But the illustration said "killed". Is that what happened, really? Or just some terrible lapses in judgement? 
I didn't follow the case, and I don't even play a lawyer on TV or stage, but was this not manslaughter?


----------



## Lord Vader (Sep 20, 2004)

Manslaughter and killed = the same thing. Murder is a different story.


----------



## hilmar2k (Mar 18, 2007)

Lord Vader said:


> Manslaughter and killed = the same thing. Murder is a different story.


Manslaughter = woops


----------



## Drew2k (Aug 16, 2006)

Interesting turn this took, with the question essentially: does the punishment fit the crime?

Is piracy worse than manslaughter (justifying an extra year of incarceration for piracy)? On the face of it, no.

Piracy of IP content is a white collar crime that many think is victim-less, but I'm not sure of that, yet I do have a problem with someone only serving 4 years for manslaughter versus 5 years for piracy.

Then I think about another "white collar crime" involving theft of intellectual property that can result in a life sentence or execution: espionage and stealing/selling state secrets. And I have no problem with a life sentence for a traitor.

I guess what I would settle on is that all crime and punishment has to be relative, and this is why we have juries and judges and appeals processes in the event that a punishment is too harsh...


----------



## SayWhat? (Jun 7, 2009)

Drew2k said:


> Interesting turn this took, with the question essentially: does the punishment fit the crime?
> 
> Is piracy worse than manslaughter (justifying an extra year of incarceration for piracy)?
> 
> Piracy of IP content is a white collar crime that many think is victim-less, but I'm not sure of that, yet I do have a problem with someone only serving 4 years for manslaughter versus 5 years for piracy.


This is the kind of thing that causes jail/prison overcrowding.
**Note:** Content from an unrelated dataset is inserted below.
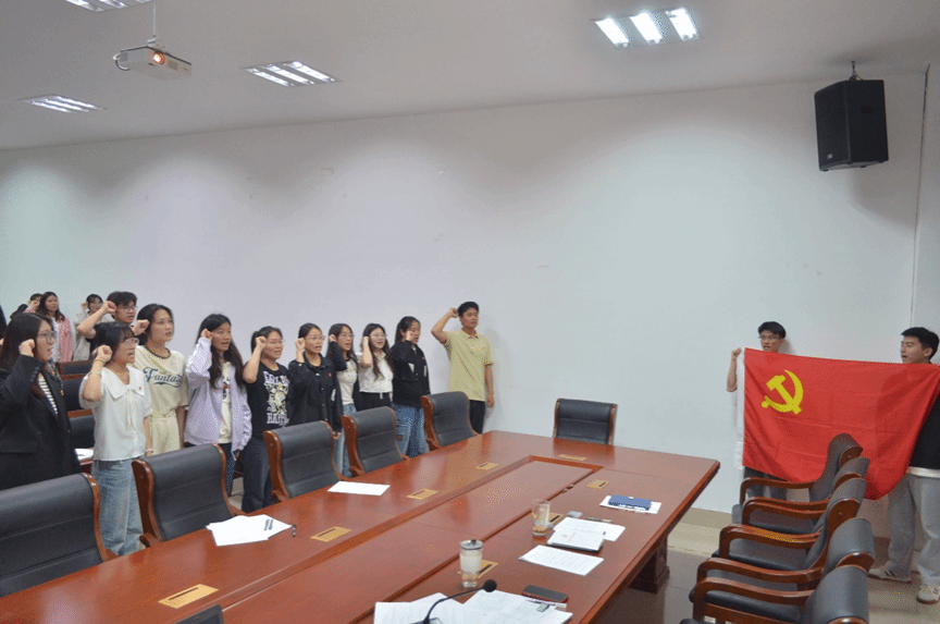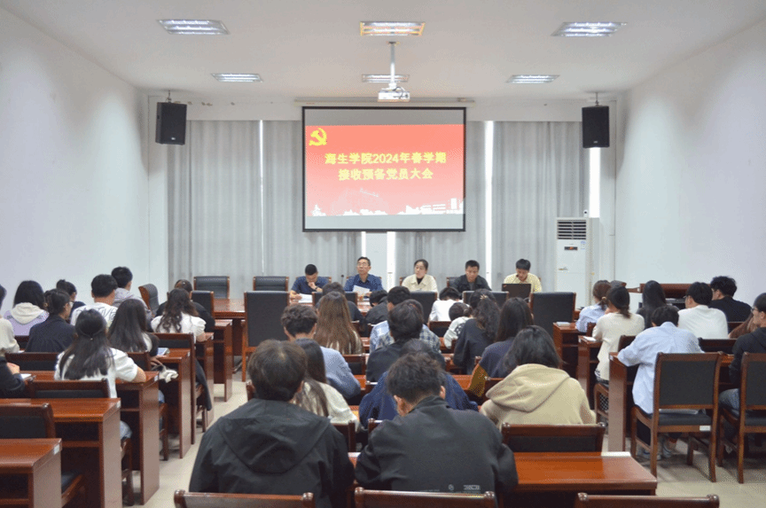 2024年5月30日下午,海生学院在大会议室召开接收预备党员大会。本次会议党总支书记高留才、党总支副书记毕蕾、学工办副主任郭海松、辅导员唐铭坤以及学生党支部全体成员参加,会议由学生党支部书记霍福松主持。

Too many people facing or doing time for non-violent offenses.

This should be a civil matter only, not criminal. Reasonable fines, penalties or restitution, but no jail time.


----------



## SayWhat? (Jun 7, 2009)

> A New Zealand judge has ruled that investigators obtained evidence unlawfully in a search of Megaupload.com founder Kim Dotcom's home, dealing a huge blow to the U.S. case against the online file-sharing company.
> 
> High Court Chief Justice Helen Winkelmann said in the ruling Thursday that warrants used by New Zealand authorities to conduct the search at the FBI's behest were too broadly defined and "did not adequately describe the offenses to which they were related."
> 
> "Indeed, they fell well short of that," she said in the 56-page ruling. "They were general warrants, and as such, are invalid."


http://www.latimes.com/business/technology/la-fi-tn-megaupload-search-20120628,0,3879393.story



> (Reuters) - Search warrants used when 70 New Zealand police raided the mansion of the suspected kingpin of an Internet piracy ring were illegal, a New Zealand court ruled on Thursday, dealing a blow to the FBI's highest profile global copyright theft case.
> 
> German national Kim Dotcom, also known as Kim Schmitz, was one of four men arrested in January as part of an investigation of his Megaupload.com website led by the U.S. Federal Bureau of Investigation (FBI).
> 
> ...


http://in.reuters.com/article/2012/06/28/us-newzealand-dotcom-court-idINBRE85R08720120628



> And what were the cops looking for? They didn't know, exactly. Because they were not investigating the case-the FBI was doing that-the police executing the search had limited knowledge of what was truly useful and necessary. As the judge put it, the people executing the warrant "were not the investigating officers and had limited knowledge of the operation," despite being briefed before the raid went down.


http://arstechnica.com/tech-policy/...search-warrants-invalid-mansion-raid-illegal/


----------



## phrelin (Jan 18, 2007)

And that's why we in the "first world" have courts that can overturn the actions of the executive branches of our governments. The system may not always be perfect, but usually it stumbles through to the right decision.


----------



## SayWhat? (Jun 7, 2009)

> Prosecutors concede that they have failed to serve a criminal summons upon a Megaupload officer but still say a federal judge should uphold its indictment.


Lots more legalese here: http://www.courthousenews.com/2013/01/16/53993.htm

Between this and the other case in the news, me t'inks the US Attorneys Office needs some clearing out.


----------